Мы стояли одни в ярко освещённом коридоре.

— Часто замечаю, как вы сбегаете с просмотров, – сказал он. – Действительно, картины подбирает будто какой–нибудь пенсионер–вредитель… Куда вы так торопитесь?

— В бильярдную, – чистосердечно признался я. – Победить Бондарчука.

— Достойная цель! – с иронией сказал Ромм. – Как вы думаете, хотели режиссёры этих плохих фильмов, чтобы картины удались, были замечательными?

— Наверное.

— Так вот, дорогой мой, я, старик, терпеливо сижу в зале, смотрю, учусь на чужих просчётах… Чужой опыт, даже отрицательный – незаменимая школа. Нужно уметь видеть проколы режиссёрские, сценарные, актёрские…

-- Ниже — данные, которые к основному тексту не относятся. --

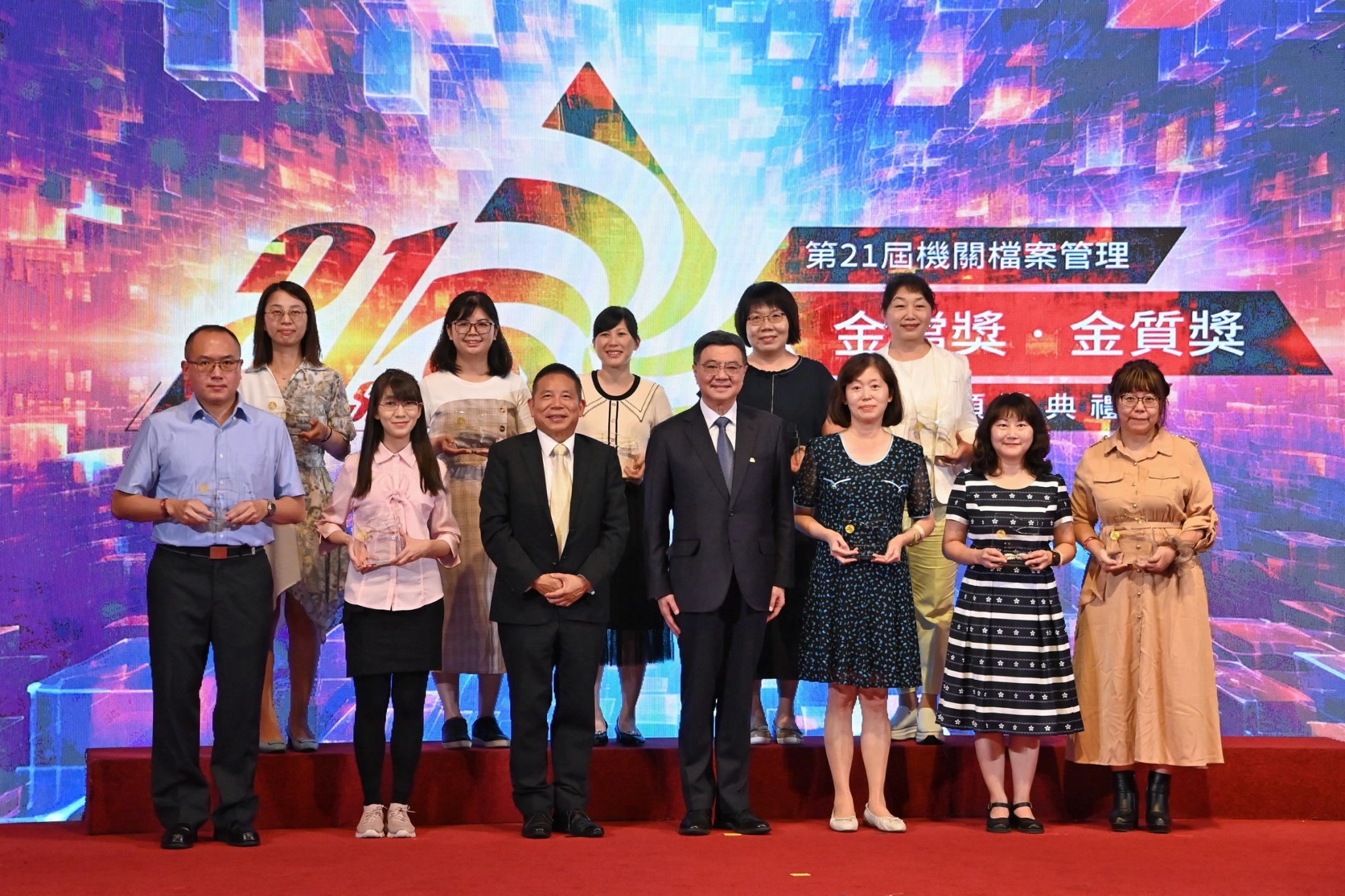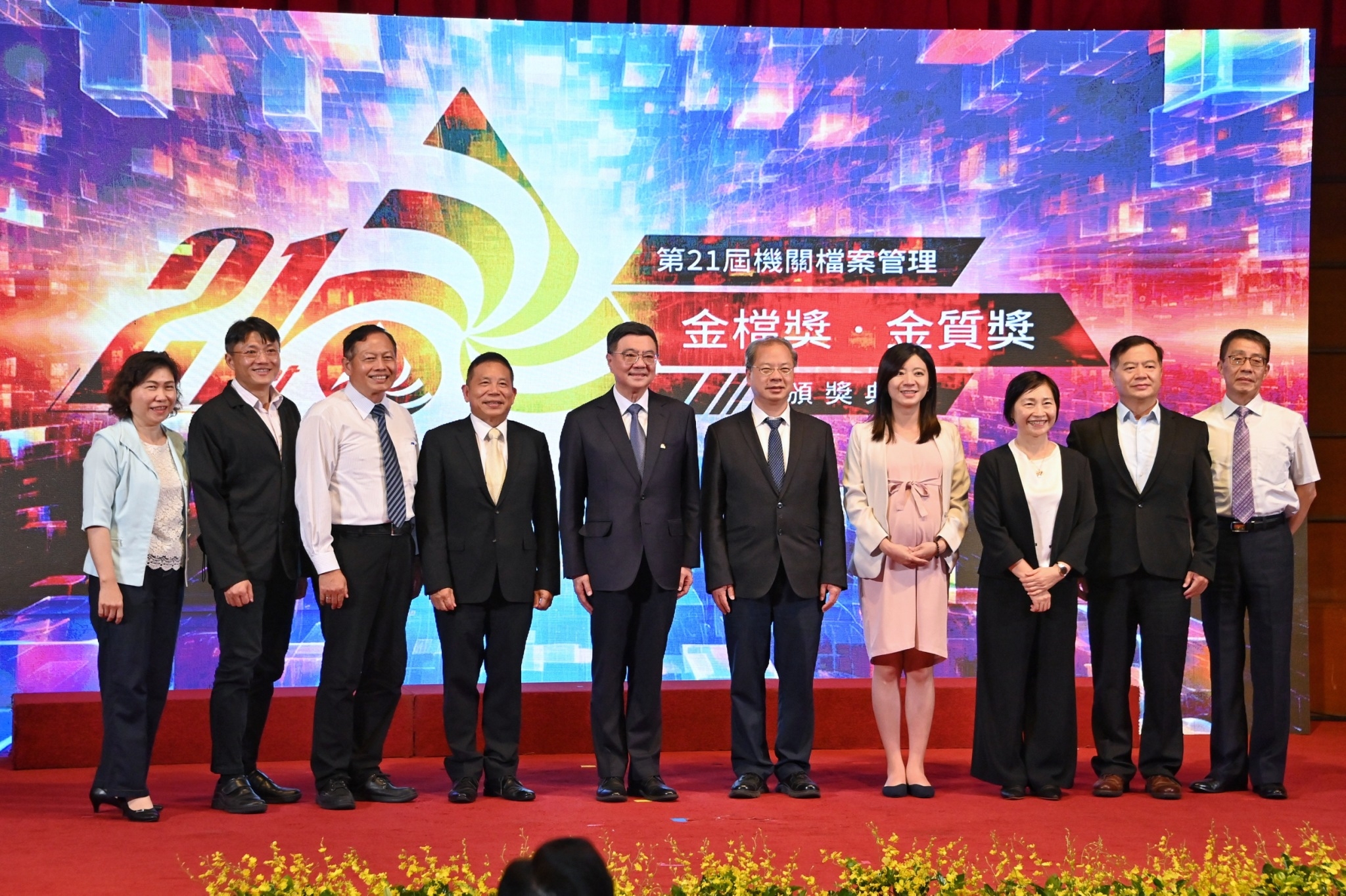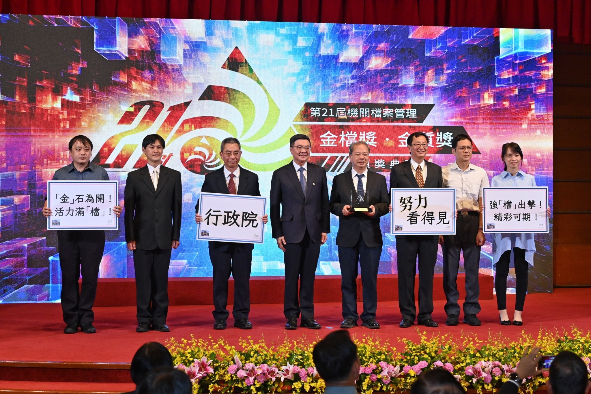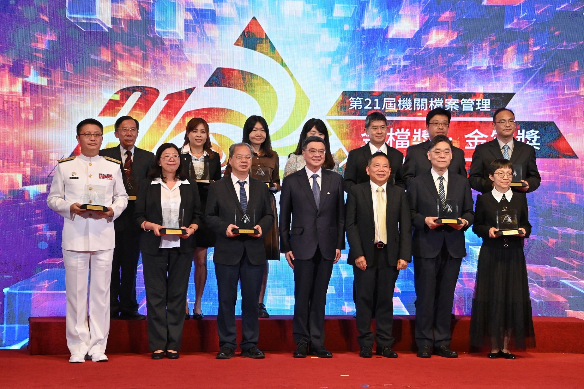 此行,卓院長到場後,首先欣賞開場光雕立方表演,並在致詞結束後,分別頒發金檔獎及金質獎獎座予得獎機關代表與同仁,各機關同仁也持該機關標語與卓院長合影留念;隨後,卓院長與行政院龔明鑫秘書長、謝子涵代理發言人、李國興副秘書長、國家發展委員會劉鏡清主委、國防部楊基榮次長,以及評獎委員國發會檔案管理局林秋燕局長、陳美蓉副局長、陳海雄副局長、謝焰盛主任秘書、國立政治大學圖書資訊與檔案學研究所薛理桂名譽教授、國防大學管理學院資源管理及決策研究所張臺衞副教授一同合影。

В зал мы вернулись вместе.

А Бондарчука я всё–таки победил.

К концу пребывания в Болшево заявка была готова. В финале фильма по моему замыслу герою снился сон. Все персонажи должны были плавать в стеклянном аквариуме и не замечать, что оттуда сквозь дырку вытекала вода. Герой стоял рядом, заткнув дырку пальцем, и не мог броситься к телефону, по которому звонила и звонила находившаяся в беде любимая девушка.

Я действительно видел такой тревожный и страшный сон. До сих пор не могу до конца объяснить себе его символику.

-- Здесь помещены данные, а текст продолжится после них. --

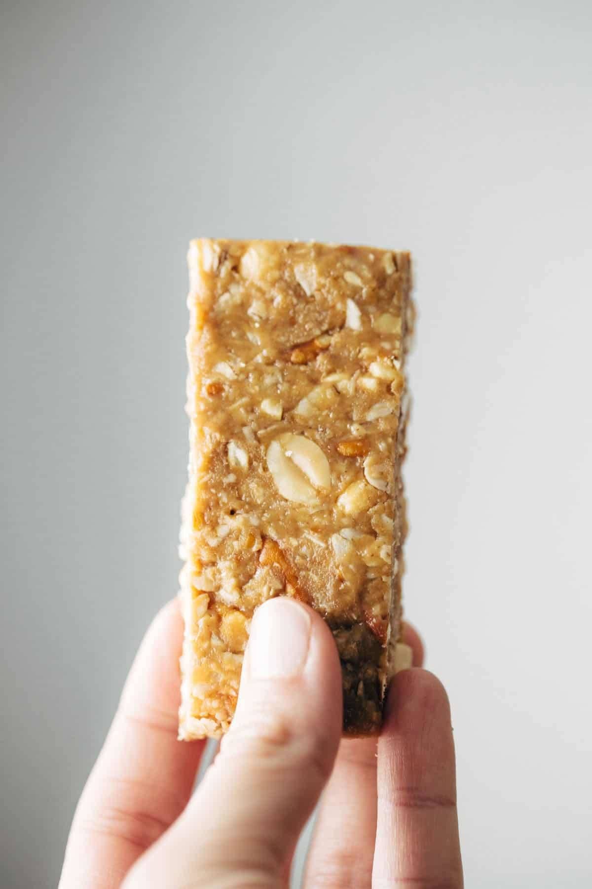 Made with PB, honey, vanilla, oats, pretzels, peanuts (and any other add-ins you like). So easy and SUPER yummy!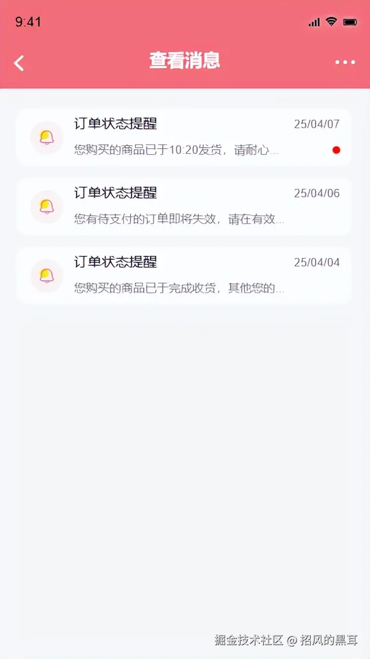 - Axure实现:使用列表组件展示消息,每个列表项包含消息类型、日期时间、消息内容缩略显示,未读消息以小红点标记。点击单条消息可跳转至详情页面,如点击订单状态消息,进入订单详情页面。在消息列表头部右侧添加更多图标,点击图标下拉显示全部阅读、清空消息选项,设置相应的交互事件。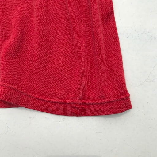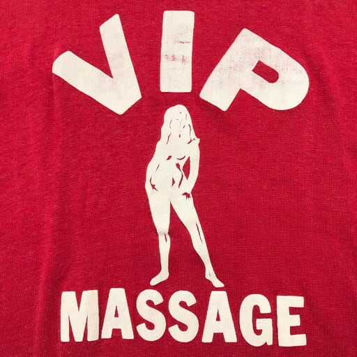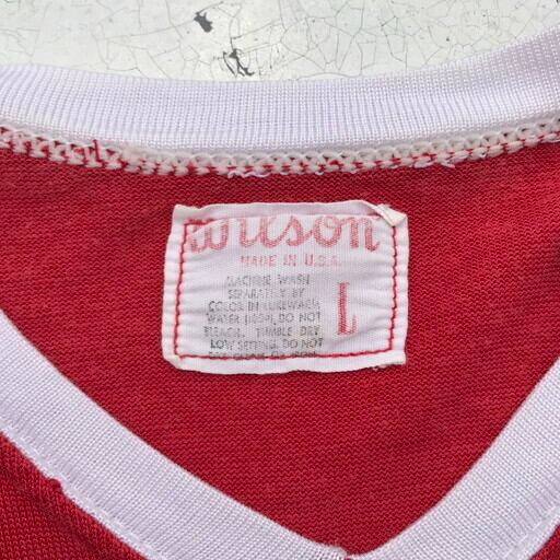 60年代頃のWilsonレーヨンゲームTシャツです。発色の良い赤白ボディにラバープリントでVIP MASSAGEとプリントされています。裸体の女性にマッサージとあると如何わしく感じますがスポーツ選手用のジョークデザインと思われ、とても珍しい1着です。レーヨン特有の生地の毛羽立ち等見らえますが目立つダメージ等無く比較的良好です。エロデザイン物はコレクターもいらっしゃいますので、お好きな方は是非。

У многих моих сверстников, как вода, быстро вытекало время жизни. Кто растрачивал себя в пьянках и рассказывании анекдотов на кухнях, кто в погоне за «длинным рублём» уезжал, оставив жену и детей, на так называемые комсомольские стройки или сколачивал артель из таких же неудачников, забросивших учёбу в институте, низко оплачиваемую работу, «шабашил» – строил коровники где–нибудь в Мордовии или на Сахалине. Многие всерьёз считали, что таким образом они не участвуют во зле.

А кое–кого настигли болезни, преждевременная смерть.

…Ещё летом я был приглашен в журнал «Юность», напечатавший подборку моих стихотворений. Там в маленьком зале состоялось выступление давнего знакомого – Булата Окуджавы.